Lassen: Fuse is compatible with leading prototype and development platforms. So while there are plenty of tools out there for mobile development, we consider them complementary and not competitors, per se.

SUB: You just announced that you’ve raised $2.8 million in new funding. Why was this a particularly good time to raise more funding?

Lassen: It was important to raise this round because we’re preparing to launch our beta later this quarter. That naturally comes at a cost—anything from hiring new people, to marketing, to supporting our daily operations.

SUB: How do you plan to use the funds, and do you have plans to seek additional outside funding in the near future?

Lassen: We’ll use it to support general operations across our two locations, in Oslo and our new Silicon Valley office, and help launch Fuse’s beta. We’ll look for more funding if and when it makes sense, but right now, we’re focused on getting Fuse in front of developers and designers, and making sure it’s the best platform possible for the problems it solves.
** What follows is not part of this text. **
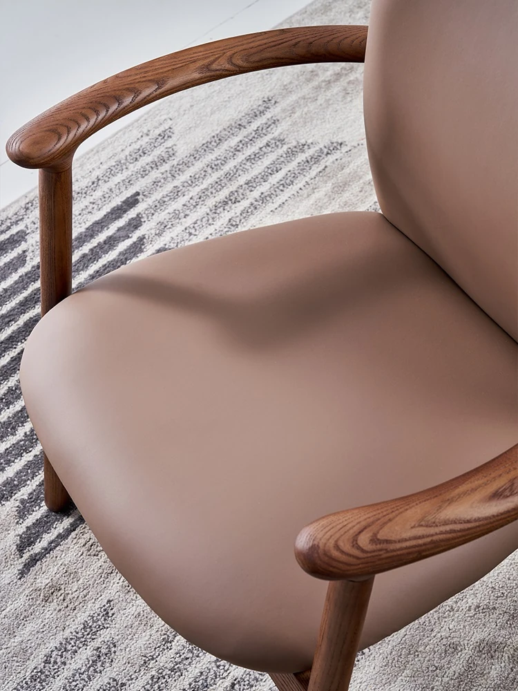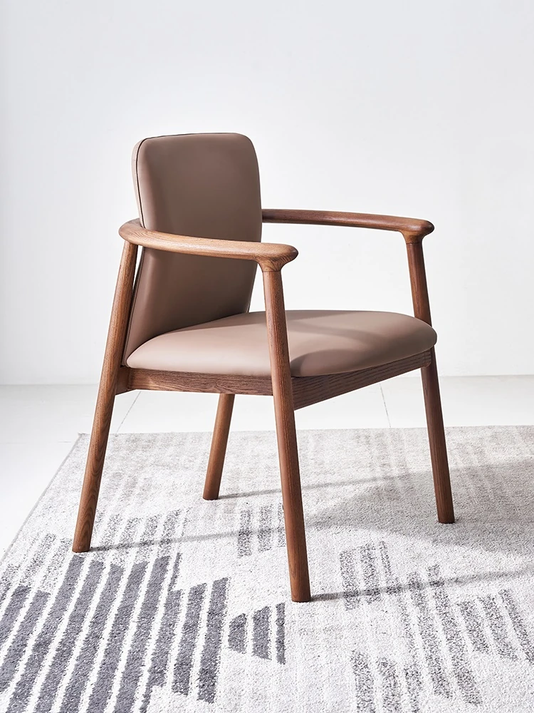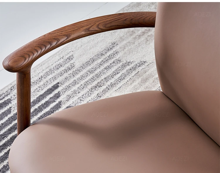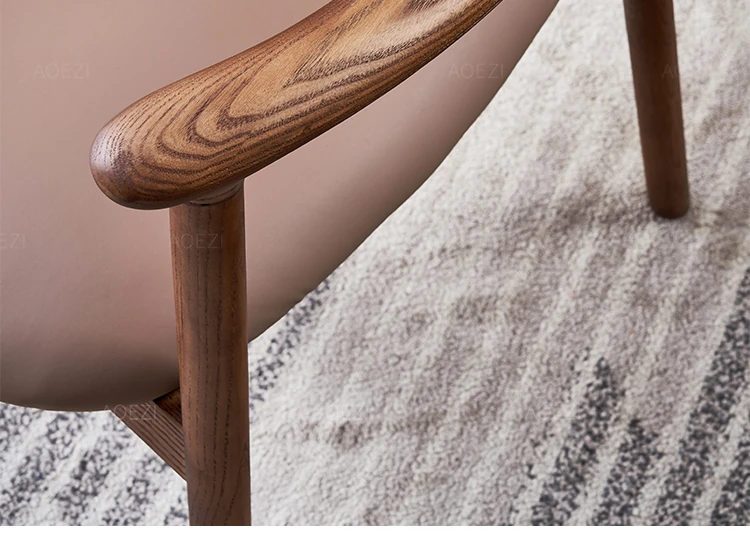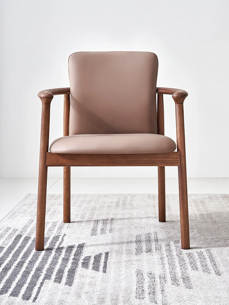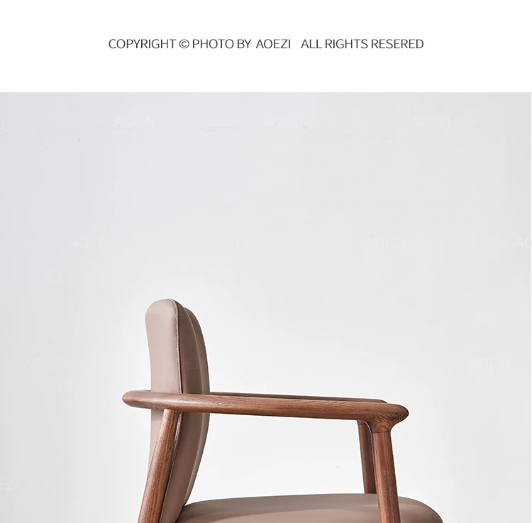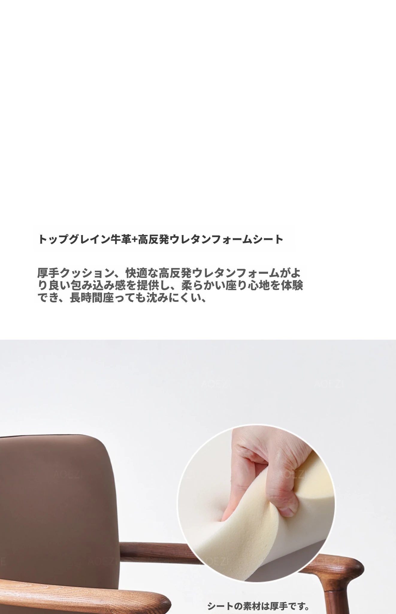aoeZI 高級感あふれるアームチェア|本革ソフトパッド仕上げ|高級ホテルやヴィラに最適なダイニング・ティーテーブル用チェア。上質な木製フレームで、贅沢なひとときを提供します。

SUB: What was the inspiration behind the idea for Fuse? Was there an ‘aha’ moment, or was the idea more gradual in developing?

Lassen: It would be fun to say that we just woke up one day and instinctively knew what to build, but that wouldn’t be true at all. We actually started on the deep end here, taking on really low-level graphics development, with a desire to simplify all types of graphics programming. But coming at it from that angle was good, because it allowed us to tackle some of the hardest problems you could imagine from day one.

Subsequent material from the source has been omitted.